» Data to process:
========

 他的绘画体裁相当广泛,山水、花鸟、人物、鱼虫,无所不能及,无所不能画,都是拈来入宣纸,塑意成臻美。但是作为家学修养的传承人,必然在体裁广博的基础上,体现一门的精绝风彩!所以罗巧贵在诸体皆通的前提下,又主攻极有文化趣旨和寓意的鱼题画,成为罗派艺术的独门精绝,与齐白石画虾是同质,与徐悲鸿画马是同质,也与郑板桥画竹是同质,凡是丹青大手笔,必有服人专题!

========

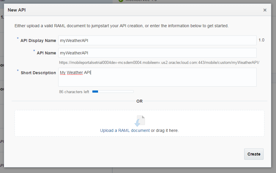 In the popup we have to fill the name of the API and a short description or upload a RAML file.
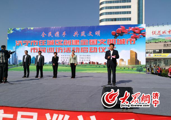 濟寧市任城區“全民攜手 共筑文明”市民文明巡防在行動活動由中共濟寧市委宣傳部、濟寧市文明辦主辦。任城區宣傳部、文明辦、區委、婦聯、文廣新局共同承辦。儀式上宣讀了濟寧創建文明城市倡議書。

========

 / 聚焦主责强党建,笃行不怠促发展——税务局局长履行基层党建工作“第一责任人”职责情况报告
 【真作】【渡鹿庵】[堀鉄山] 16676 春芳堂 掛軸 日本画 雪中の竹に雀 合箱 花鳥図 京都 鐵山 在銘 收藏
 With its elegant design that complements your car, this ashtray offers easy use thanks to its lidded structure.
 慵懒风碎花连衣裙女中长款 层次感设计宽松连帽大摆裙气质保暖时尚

========

» What is being asked: Within the listing above, extract exactly the lines from the line with "京都 鐵山 在銘 收藏" to the line with "慵懒风碎花连衣裙女中长款 层次感设计宽松连帽大摆裙气质保暖时尚", the two named lines included, and no others.

» Completed exercise:
 【真作】【渡鹿庵】[堀鉄山] 16676 春芳堂 掛軸 日本画 雪中の竹に雀 合箱 花鳥図 京都 鐵山 在銘 收藏
 With its elegant design that complements your car, this ashtray offers easy use thanks to its lidded structure.
 慵懒风碎花连衣裙女中长款 层次感设计宽松连帽大摆裙气质保暖时尚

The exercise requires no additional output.